STATISTICAL GUARANTEES FOR CONSENSUS CLUSTERING

Abstract

Consider the problem of clustering n objects. One can apply multiple algorithms to produce N potentially different clustersings of the same objects, that is, partitions of the n objects into K groups. Even a single randomized algorithm can output different clusterings. This often happens when one samples from the posterior of a Bayesian model, or runs multiple MCMC chains from random initializations. A natural task is then to form a consensus among these different clusterings. The challenge in an unsupervised setting is that the optimal matching between clusters of different inputs is unknown. We model this problem as finding a barycenter (also known as Fréchet mean) relative to the misclassification rate. We show that by lifting the problem to the space of association matrices, one can derive aggregation algorithms that circumvent the knowledge of the optimal matchings. We analyze the statistical performance of aggregation algorithms under a stochastic label perturbation model, and show that a K-means type algorithm followed by a local refinement step can achieve near optimal performance, with a rate that decays exponentially fast in N . Numerical experiments show the effectiveness of the proposed methods.

1. INTRODUCTION

Clustering is a fundamental task in machine learning and data analysis. Given data on each of the n objects in a set, there are numerous algorithms to produce a clustering of these n objects, which is formally a partitioning of {1, . . . , n} into K disjoint sets. A natural problem that arises in practice is how to form a consensus among these clusterings. This is especially important if the different clusterings are produced by a single randomized algorithm.

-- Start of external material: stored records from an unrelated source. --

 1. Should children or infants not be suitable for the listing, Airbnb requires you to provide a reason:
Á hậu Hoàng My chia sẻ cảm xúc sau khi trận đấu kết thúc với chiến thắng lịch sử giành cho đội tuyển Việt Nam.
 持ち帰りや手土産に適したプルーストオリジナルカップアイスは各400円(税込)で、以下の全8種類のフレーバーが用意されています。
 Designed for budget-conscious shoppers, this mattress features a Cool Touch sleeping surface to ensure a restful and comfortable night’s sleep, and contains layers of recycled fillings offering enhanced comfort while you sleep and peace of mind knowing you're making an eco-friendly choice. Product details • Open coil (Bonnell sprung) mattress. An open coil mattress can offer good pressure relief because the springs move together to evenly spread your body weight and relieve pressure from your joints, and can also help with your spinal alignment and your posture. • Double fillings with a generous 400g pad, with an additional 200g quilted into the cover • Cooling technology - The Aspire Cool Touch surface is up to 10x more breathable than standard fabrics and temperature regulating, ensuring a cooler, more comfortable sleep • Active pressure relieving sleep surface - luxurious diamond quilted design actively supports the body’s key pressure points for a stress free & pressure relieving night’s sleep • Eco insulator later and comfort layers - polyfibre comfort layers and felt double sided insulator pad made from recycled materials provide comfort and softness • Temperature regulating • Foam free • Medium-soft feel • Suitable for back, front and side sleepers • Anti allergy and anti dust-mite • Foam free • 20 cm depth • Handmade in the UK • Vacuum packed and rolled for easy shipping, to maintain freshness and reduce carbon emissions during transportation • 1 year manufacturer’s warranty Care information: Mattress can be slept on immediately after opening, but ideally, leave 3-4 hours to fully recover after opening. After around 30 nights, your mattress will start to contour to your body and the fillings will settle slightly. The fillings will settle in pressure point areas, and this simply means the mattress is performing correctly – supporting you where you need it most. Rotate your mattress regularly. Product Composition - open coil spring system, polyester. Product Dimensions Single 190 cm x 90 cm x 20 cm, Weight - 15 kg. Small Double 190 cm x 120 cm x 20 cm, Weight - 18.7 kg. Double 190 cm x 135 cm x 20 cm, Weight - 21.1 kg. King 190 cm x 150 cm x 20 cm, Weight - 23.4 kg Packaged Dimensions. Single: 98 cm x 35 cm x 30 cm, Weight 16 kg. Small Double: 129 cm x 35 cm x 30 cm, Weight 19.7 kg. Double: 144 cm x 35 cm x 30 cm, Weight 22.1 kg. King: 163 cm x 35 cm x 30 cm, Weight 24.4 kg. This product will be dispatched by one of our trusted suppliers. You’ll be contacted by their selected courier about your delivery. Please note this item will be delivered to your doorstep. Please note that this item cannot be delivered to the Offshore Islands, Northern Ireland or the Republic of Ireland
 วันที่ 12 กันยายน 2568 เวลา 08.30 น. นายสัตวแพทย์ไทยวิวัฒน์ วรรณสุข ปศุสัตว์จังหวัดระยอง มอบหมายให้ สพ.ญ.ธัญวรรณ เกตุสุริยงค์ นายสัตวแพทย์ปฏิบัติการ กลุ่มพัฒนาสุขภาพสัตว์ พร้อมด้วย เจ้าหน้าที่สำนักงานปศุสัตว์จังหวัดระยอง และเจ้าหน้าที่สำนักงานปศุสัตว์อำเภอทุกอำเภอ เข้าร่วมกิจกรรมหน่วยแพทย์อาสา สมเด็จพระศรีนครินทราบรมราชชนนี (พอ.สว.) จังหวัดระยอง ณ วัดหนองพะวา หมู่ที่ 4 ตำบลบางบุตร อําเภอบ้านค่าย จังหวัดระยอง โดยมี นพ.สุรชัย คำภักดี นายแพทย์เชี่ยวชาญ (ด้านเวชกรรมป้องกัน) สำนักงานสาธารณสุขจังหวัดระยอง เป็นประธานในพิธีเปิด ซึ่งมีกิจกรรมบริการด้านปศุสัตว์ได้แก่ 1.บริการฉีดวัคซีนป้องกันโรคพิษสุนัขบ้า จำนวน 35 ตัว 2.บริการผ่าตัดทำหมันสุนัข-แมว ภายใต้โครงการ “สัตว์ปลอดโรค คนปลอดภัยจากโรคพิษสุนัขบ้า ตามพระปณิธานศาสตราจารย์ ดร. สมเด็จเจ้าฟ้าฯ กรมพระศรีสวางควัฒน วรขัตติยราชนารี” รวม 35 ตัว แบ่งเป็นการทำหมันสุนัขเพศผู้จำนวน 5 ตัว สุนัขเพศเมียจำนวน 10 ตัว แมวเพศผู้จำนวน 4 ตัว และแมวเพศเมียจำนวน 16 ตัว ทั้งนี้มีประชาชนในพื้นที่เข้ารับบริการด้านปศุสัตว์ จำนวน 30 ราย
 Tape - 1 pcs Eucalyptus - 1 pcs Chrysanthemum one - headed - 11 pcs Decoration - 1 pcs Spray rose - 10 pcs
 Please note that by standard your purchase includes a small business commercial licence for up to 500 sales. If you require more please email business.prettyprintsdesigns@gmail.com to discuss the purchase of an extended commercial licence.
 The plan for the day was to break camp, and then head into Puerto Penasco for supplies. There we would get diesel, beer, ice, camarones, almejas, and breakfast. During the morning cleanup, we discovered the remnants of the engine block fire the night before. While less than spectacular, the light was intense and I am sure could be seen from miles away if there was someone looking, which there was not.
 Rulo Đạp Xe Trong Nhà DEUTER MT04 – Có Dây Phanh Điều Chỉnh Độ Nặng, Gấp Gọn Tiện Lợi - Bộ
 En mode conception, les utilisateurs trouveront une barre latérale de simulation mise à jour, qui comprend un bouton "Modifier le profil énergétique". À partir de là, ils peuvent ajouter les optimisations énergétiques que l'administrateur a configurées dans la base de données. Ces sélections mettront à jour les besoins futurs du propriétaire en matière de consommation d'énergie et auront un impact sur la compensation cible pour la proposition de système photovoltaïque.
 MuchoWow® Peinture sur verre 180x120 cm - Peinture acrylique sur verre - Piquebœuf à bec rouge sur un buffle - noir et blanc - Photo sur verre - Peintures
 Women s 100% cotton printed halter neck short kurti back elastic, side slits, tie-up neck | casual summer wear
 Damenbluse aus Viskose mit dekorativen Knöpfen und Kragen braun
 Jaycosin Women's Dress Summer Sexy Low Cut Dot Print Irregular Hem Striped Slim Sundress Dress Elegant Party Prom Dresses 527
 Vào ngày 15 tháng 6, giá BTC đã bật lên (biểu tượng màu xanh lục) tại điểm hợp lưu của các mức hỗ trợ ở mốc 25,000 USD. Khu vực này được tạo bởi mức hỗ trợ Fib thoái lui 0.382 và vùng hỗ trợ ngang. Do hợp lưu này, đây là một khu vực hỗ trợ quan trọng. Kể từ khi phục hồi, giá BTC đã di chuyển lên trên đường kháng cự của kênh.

This situation often arises in Bayesian modeling, where the posterior naturally encodes the variability of the clustering problem. Finding a consensus clustering then corresponds to finding the center of the posterior, from which we can also obtain estimates of the variability of the posterior. A clustering of n objects can be viewed as a label vector in [K] n where [K] = {1, . . . , K}. We assume that we are given N label vectors z j ∈ [K j ] n for j = 1, . . . , N , with potentially different number of clusters each. Let K = max j K j and note that we can view all z j as vectors in [K] n . The task is to obtain a consensus K-clustering, that is, a label vector z ∈ [K] n which is close to all z 1 , . . . , z N at the same time. We also refer to this task as the label aggregation problem. In the context of clustering, there is no meaning to the label of each cluster, that is, the label aggregation problem is unsupervised, in the sense that there is no natural correspondence between labels of different clusterings. This is in contrast to label aggregation in classification in which the labels have a common meaning among different input classifications. We refer to the latter task as supervised label aggregation. In the unsupervised setting, forming a consensus label is a nontrivial task due the label-switching problem. Consider for example, the case n = 5 and the two label vectors z 1 = (1, 1, 1, 2, 2) and z 2 = (2, 2, 2, 1, 1). These two vectors are different in all 5 positions but they define the same clusterings of the objects. In this case, the consensus label z can be taken to be either z 1 or z 2 . More generally, for every z j , there could be a permutation π j on [K], such that the permuted vectors π j • z j := (π j (z ji )) n i=1 , are closer to each other than the original z j s.